First choice is to weld a flat washer to the broken stud, especially if broken below the surface. Easier to strike an arc than reaching through a nut. Usually can then turn stub out with ordinary pliers. If needed, weld a nut to the washer.
Second choice is to use cutting torch with small tip. Had foreman in school bus shop blow exhaust manifold stud out of head. Then clean up threads with a tap. He said bolt will melt before the cast gets hot enough to do any damage. Only takes a minute.
Like i said, I'm not steady enough to do it myself.
Willie
 
(quoted from post at 21:46:50 07/31/15) Hello Rusty,
I finally accomplished removing all but 2 of the broken/rusted bolts.
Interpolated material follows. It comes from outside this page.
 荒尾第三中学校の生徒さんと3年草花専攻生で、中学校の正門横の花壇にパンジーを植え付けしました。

I drilled all the way through each bolt by progressively increasing the size of the drill bits until most of the body of the bolts were removed. All the bolts broke about 1/8th to 1/4 of an inch below the surface. I ended up breaking two drill bits while starting pilot holes. I liberally soaked all the broken bolts with penetrating oil and applied heat with mapp gas and went about carefully drilling. I finally re-tapped the holes and reassembled the frames onto the tractor. It took me about six hours to do the job on both sides.

I've dealt with several bolys that broke off below the surface. I find a nut that will fit down into the cavity, weld down through the center of that nut, and then weld a larger nut on top of the first one.
 
(quoted from post at 15:28:25 07/31/15)
If you do not already own an arc welder, this will be a very good excuse to go get one. The ONLY way to remove those broken off bolts is to weld a nut onto them.
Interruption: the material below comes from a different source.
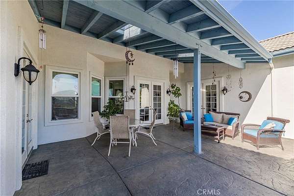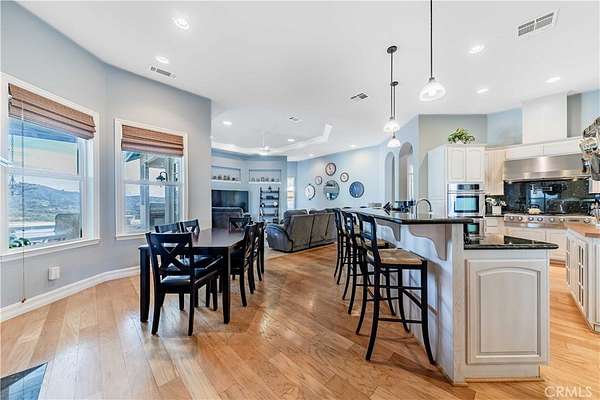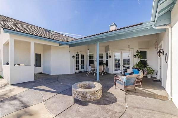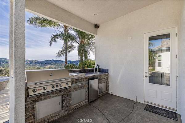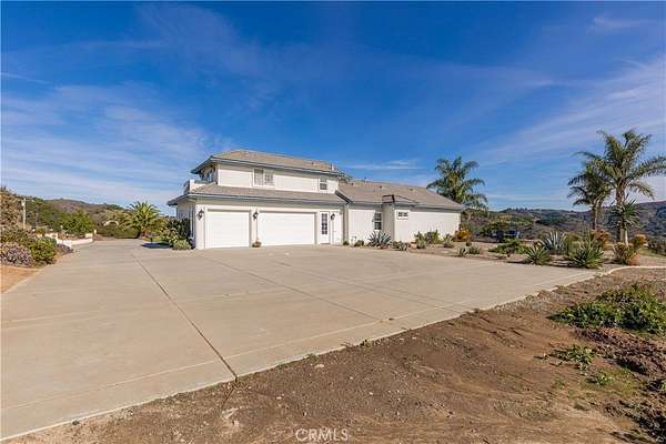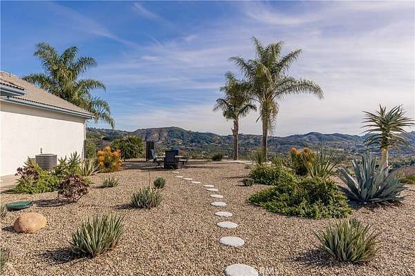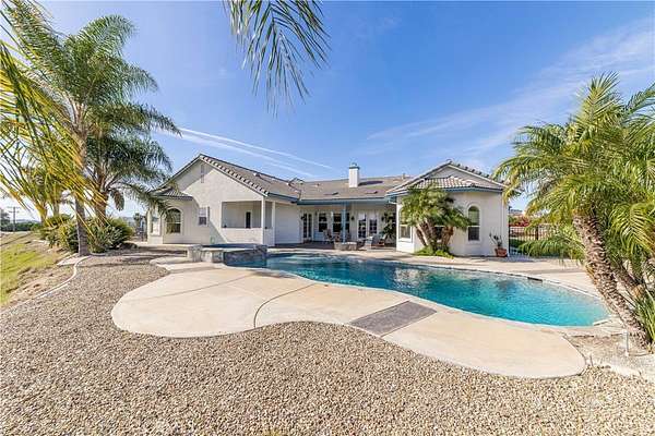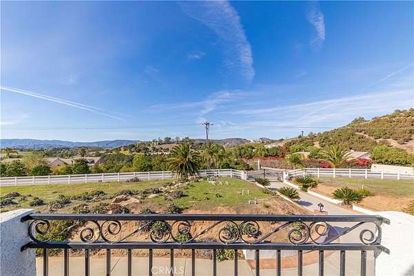 Welcome to 25025 Las Palmeras Drive, a commanding Mediterranean estate perched atop nearly five acres within the unmatched De Luz community of Temecula. From the moment you pass through the dual-gated entry and travel up the long, palm-lined driveway, this property delivers an extraordinary sense of arrival. Perfectly positioned on a hilltop with panoramic views of rolling hills, lush groves, and the entire De Luz valley, this home offers unmatched privacy, incredible scale, and the ultimate Southern California lifestyle. Built with timeless craftsmanship and meticulously maintained, the residence spans 4,275 sq. ft. and features soaring 11-12 foot coffered ceilings, extensive crown molding, solid oak flooring, and natural light flooding in from every angle. The grand foyer opens to formal living spaces anchored by a two-sided fireplace, French doors, and expansive windows framing the breathtaking views. The chef's kitchen is both elegant and functional, offering granite countertops, custom white oak cabinetry, high-end appliances, a pot filler, double ovens, two islands, a veggie sink, and abundant storage--perfect for both everyday living and large-scale entertaining. All bedrooms are located on the main level, each oversized, ensuite, and beautifully appointed. The primary suite is a true retreat, complete with an enormous walk-in closet, luxurious soaking tub, spa-like shower, and private access to outdoor patios. Upstairs, a spectacular game room and wet bar serve as the ultimate entertainment space, complete with its own full bath and a balcony overlooking some of the most stunning vistas in all of Temecula. The outdoor living experience is resort caliber. A custom pool with spa and waterfall sits at the edge of the property, capturing sweeping hilltop views. The outdoor kitchen, fire pit, shaded lounge areas, and expansive patio space make this estate ideal for gatherings of any size. The grounds also feature low-maintenance landscaping, Birds of Paradise, manicured lawns, RV parking, space for 20+ vehicles, multiple flat pads ideal for an ADU or future development, and a charming walking path with a wooden bridge over a seasonal ravine. Located just minutes from Old Town Temecula, Wine Country, and the I-15, this home offers the best of privacy, convenience, and the coveted De Luz lifestyle. 25025 Las Palmeras Drive is a rare hilltop sanctuary offering space, elegance, and spectacular views in one unforgettable package.

That is exactly the reason my dad bought an arc welder in 1957. The only difference being that his H was a 1940. one side frame had been broken and weld back together. About half of the bolster bolts had their heads broken off. I don't know how much welding experience he had before that but he did manage to get all the broken ones out.

I later swapped out the side rails and front motor mounts from a 43 H he parted out. Between the welded frame and the sagging rubber front mounts used on the early H tractors you could not engage the cranking coupler to the front of the crankshaft.
 
(quoted from post at 20:33:37 07/30/15) I'd soak them for an eternity and them weld a nut on them. The heat cycle from welding will break the rust bond.
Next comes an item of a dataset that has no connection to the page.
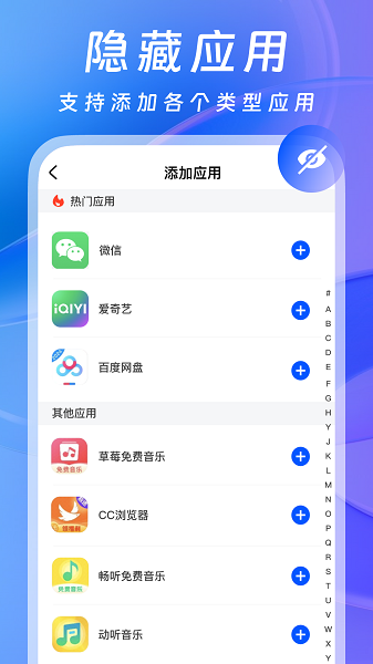 帮助用户隐藏软件的图标,让别人找不到隐私的软件。

HIS...... Get a washer and nuts the same size as the bolt and get busy with a mig welder. Build the bolt up with weld and weld the nut to the buildup on the bolt. That will put a ton of heat into both the casting and bolt. Before trying to pull off let it cool. This works 99% of the time for me.
 
It works even better if you can get enough heat into the bolt without heating the casting.

If you can get enough heat into the bolt so that it expands and exerts enough force on the casting so that it exceeds the point of elasticity, as the bolt continues to expand it will be deformed so that when it cools it will have a slightly smaller diameter that before it was heated. The longer you leave the bolt before trying to remove it, the more likely it will become looser.